I had 5hour layover in Vegas and took cab to check it out. Its nice I lost then won enough to cover loses and a 21dollar hamburger and drinks, then last half hour at airport I lost a little. It was fun.
Flight to new York was good.
I was so happy to see my mother that when I hugged her I almost started to cry.
It was hard for her to speak a clear sentence but what she said was similar to where was I so long.

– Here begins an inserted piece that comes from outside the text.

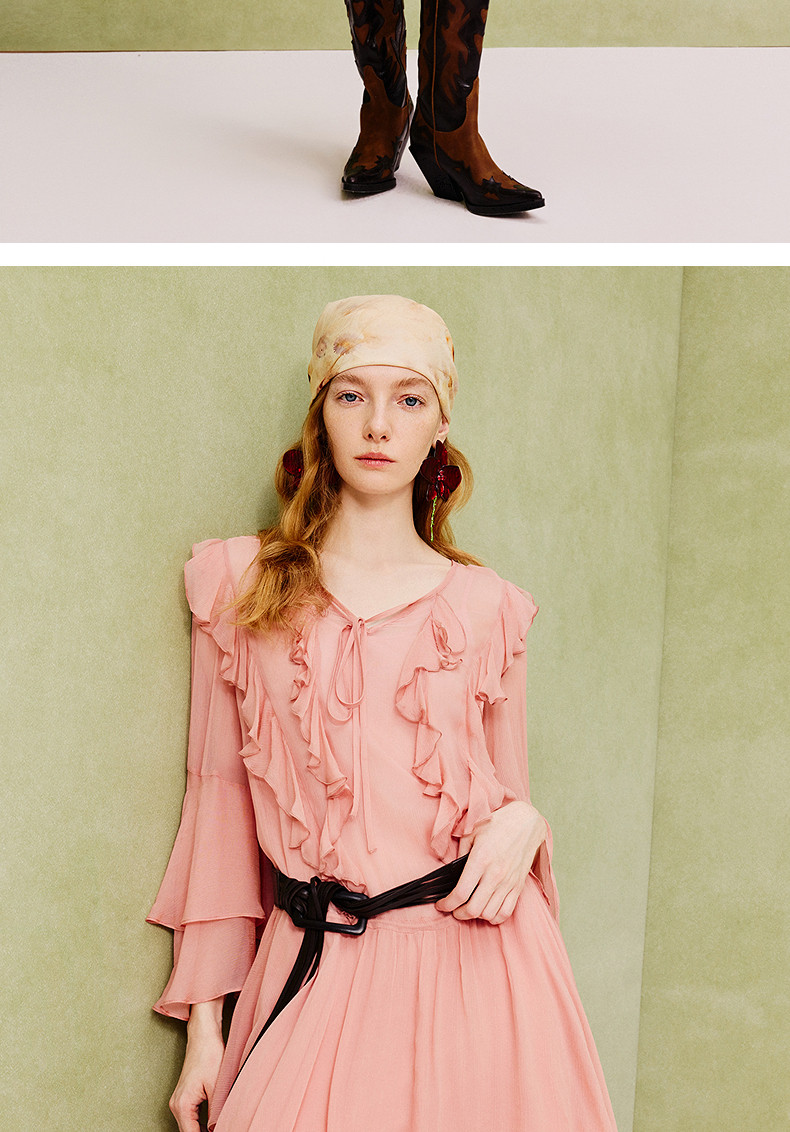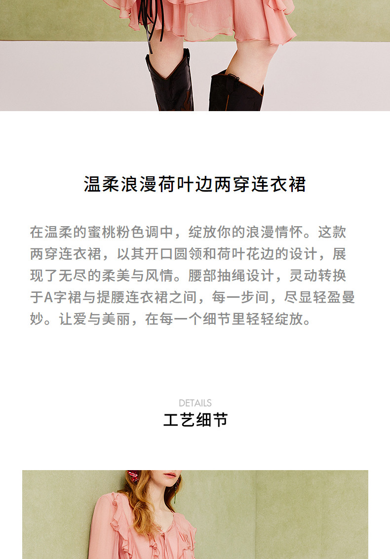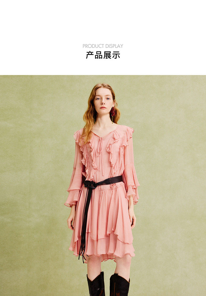 【商场同款】MAXRIENY温柔浪漫荷叶边连衣裙25夏复古法式长袖中裙(货号:MC86DR088)
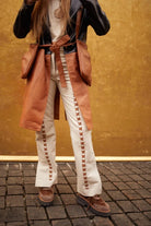Confeccionados en cuero de alta calidad, los Spider Pants proporcionan una sensación suave y duradera. El cuero es flexible, lo que asegura comodidad y libertad de movimiento, mientras que las costuras a mano refuerzan su resistencia y aportan un detalle exclusivo que hace destacar el diseño.

The table was down, I guess they didn't know how to set the leg in the bracket. I had been in the market for a while. My convection oven was on its side in front of the sink. The dish rack was off the sink on its side on a storage container and the freezer was filled with ice accumulation. And un eaten meal on wheels were just tossed in. Other wise it was decent. I felt like I would be blamed for a lot expecially the roaches which were building up again when I left. My order for combat and mouse poison I use was lost and I am waiting for a refund. meanwhile the roach situation is bad, worse. A can of raid was in there almost empty.
Looks like my mother had on same thing as when I left. Its hard to get her tobathe and change. The block party was the next day so when she saw the commotion I told her to get dress so I could take her out.
Lazy Sunday here, lol!
Poor California, the fires just don’t end. My childhood camping grounds is now under advisory evacuation due to the Clark Fork fire on highway 108. So sad they cut resources and no controlled burning has been done in years. Fires here in Idaho too. We have had smoke coverage but not as bad as last year so far. I’m hoping we can take a day next month to go to Stanley and McCall when the colors start to change.
Hoping everyone is well and the weekend is restful.